Entscheidung zum Böhmermann-Fall sorgt für heftige Reaktionen
Berlin (dpa) - Die Entscheidung der Bundesregierung, ein Strafverfahren gegen den Satiriker Jan Böhmermann wegen Beleidigung des türkischen Staatschefs Recep Tayyip Erdogan zuzulassen, spaltet die Gemüter.
Der frühere Bundestagspräsident und SPD-Politiker Wolfgang Thierse begrüßte den Entschluss, obwohl die Minister der SPD dagegen waren. „Ich halte es für richtig, dass Richter über das sogenannte Gedicht von Herrn Böhmermann entscheiden“, sagte Thierse der „Saarbrücker Zeitung“. „Die Bundesregierung hatte keinen Anlass, dies zu verhindern.“
CDU-Innenexperte Wolfgang Bosbach übte hingegen deutliche Kritik: „Ich bedauere die Entscheidung und hoffe, dass der Türkei eine Lektion in puncto Meinungsfreiheit erteilt wird“, sagte er der „Mitteldeutschen Zeitung“ (Samstag). „Ich gehe jedenfalls nicht davon aus, dass man Böhmermann verurteilt.“
Der Vorsitzende der Deutschen Polizeigewerkschaft Rainer Wendt lobte in der „Bild“-Zeitung: „Kanzlerin Merkel hat gleich zweimal recht: Erstens lässt sie die Strafverfolgung zu. Das ist in einem Rechtsstaat auch selbstverständlich. Zweitens schafft sie den überflüssigen Majestätsbeleidigungsparagrafen ab. Das ist längst überfällig.“
Schauspieler Til Schweiger zeigte sich im dem Blatt fassungslos. „Was ich von Jan Böhmermann halte, ist hinlänglich bekannt — gar nichts. Aber wie unsere Regierung hier vor einem Präsidenten kuscht, der in seinem Land die Meinungsfreiheit mit den Füßen tritt — uns aber gleichzeitig sagt, wir sollen uns aus seiner Politik raushalten — das macht mich fassungslos“, sagte Schweiger der „Bild“-Zeitung.

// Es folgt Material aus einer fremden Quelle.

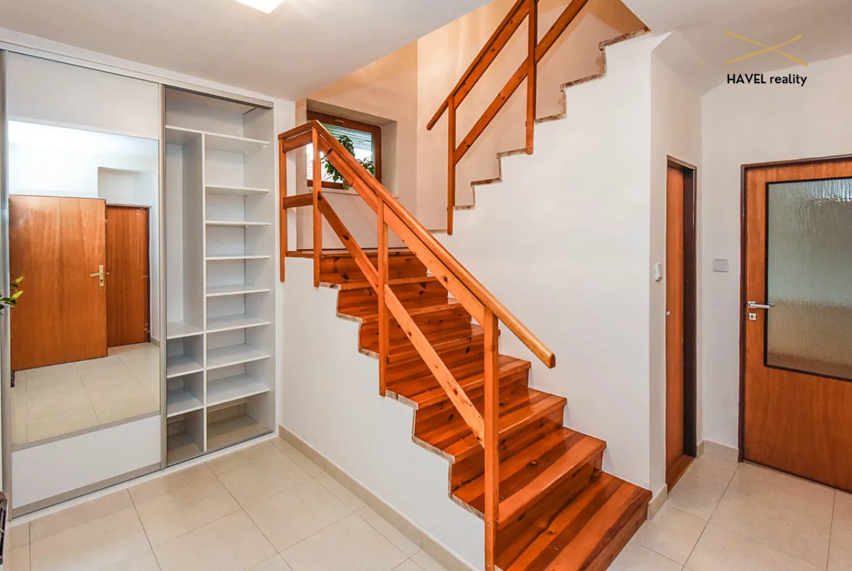 K domu náleží garáž (27 m²), sklep (16 m²) a terasa v 1. patře o výměře 32 m². K dispozici je rovněž vlastní příjezdová komunikace a další parkovací stání před garáží.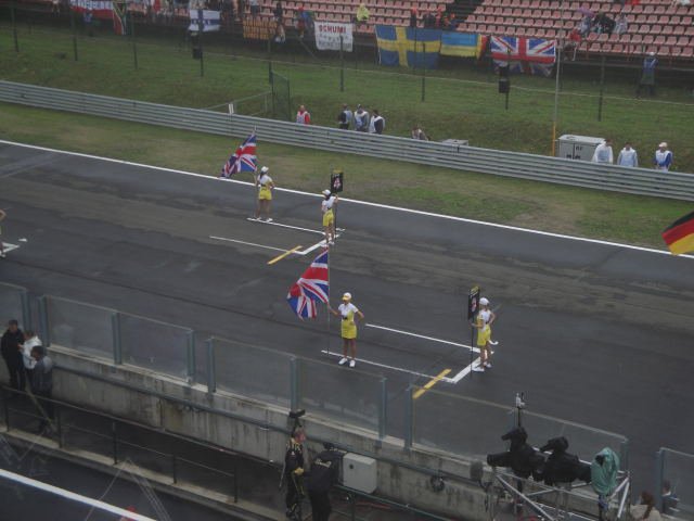 Annak ellenére, hogy fáztam, kissé bepirosodott a karom és az orrom, pedig nem vagyok egy gyorsan leégős típus. A boxból kivezető sáv vége mellett van egy szőke pályabíró csaj (talán már az előző években is ott volt). Nem tudtam eldönteni, hogy a zászló, a rózsaszín "kis" retikülje, vagy esetleg mindkettő nagyobb nála.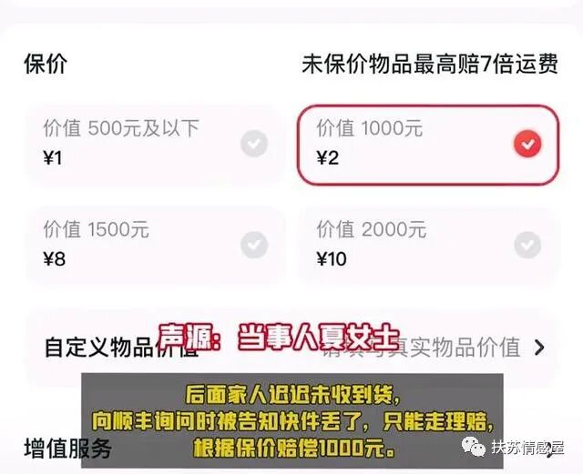 夏女士仔细查看才发现,当初勾选的2元保价,最高就是1000元,也就是说按照快递费的20倍赔偿,多的顺丰就不认了。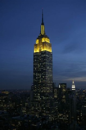 Then "The Simpsons" final stamp on NYC was revealed. Instead of glowing white, the Empire State Building lit up in a brilliant yellow to join in the celebration with an unprecedented, commercially-tied lighting of the iconic landmark. The Empire State Building also hosted a lighting ceremony and press conference in its lobby, where Homer flipped the switch to turn on the lights. As a finale to the day's activities, a party for FOX VIPs and The Simpsons Movie cast & crew was held on the 71st floor of the Empire State Building.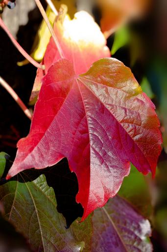 Keywords: wine partner autumn red leaves fall foliage coloring vitis vinifera colorful leaves violet green sun shine true leaves palmately-lobed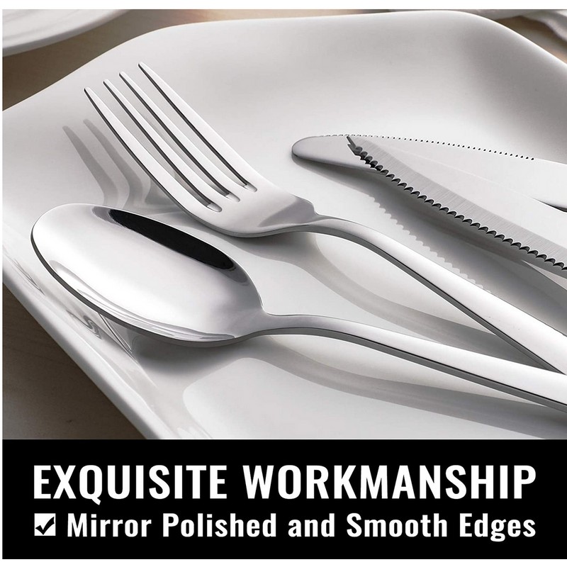 - DISHWASHER SAFE: Completely dishwasher safe saves you a lot of trouble. Durable, rust resistant, smooth surfaces, this stainless steel silverware set is extremely easy to clean and care. Care instructions: For best results, do not leave the kitchen utensils set soaking for a long period time. After use, please clean and dry them completely for their durability. Dry promptly after cleaning.

Bundeskanzlerin Angela Merkel hatte die deutsche Justiz am Freitag ermächtigt, gegen Böhmermann zu ermitteln. Damit gab die CDU-Chefin einem Antrag Erdogans statt - und setzte sich zugleich mit einem Machtwort über den Willen ihres Koalitionspartners SPD hinweg. Im Rechtsstaat sei es nicht Sache der Regierung, sondern unabhängiger Gerichte, Persönlichkeitsrechte gegen die Presse- und Kunstfreiheit abzuwägen, sagte Merkel.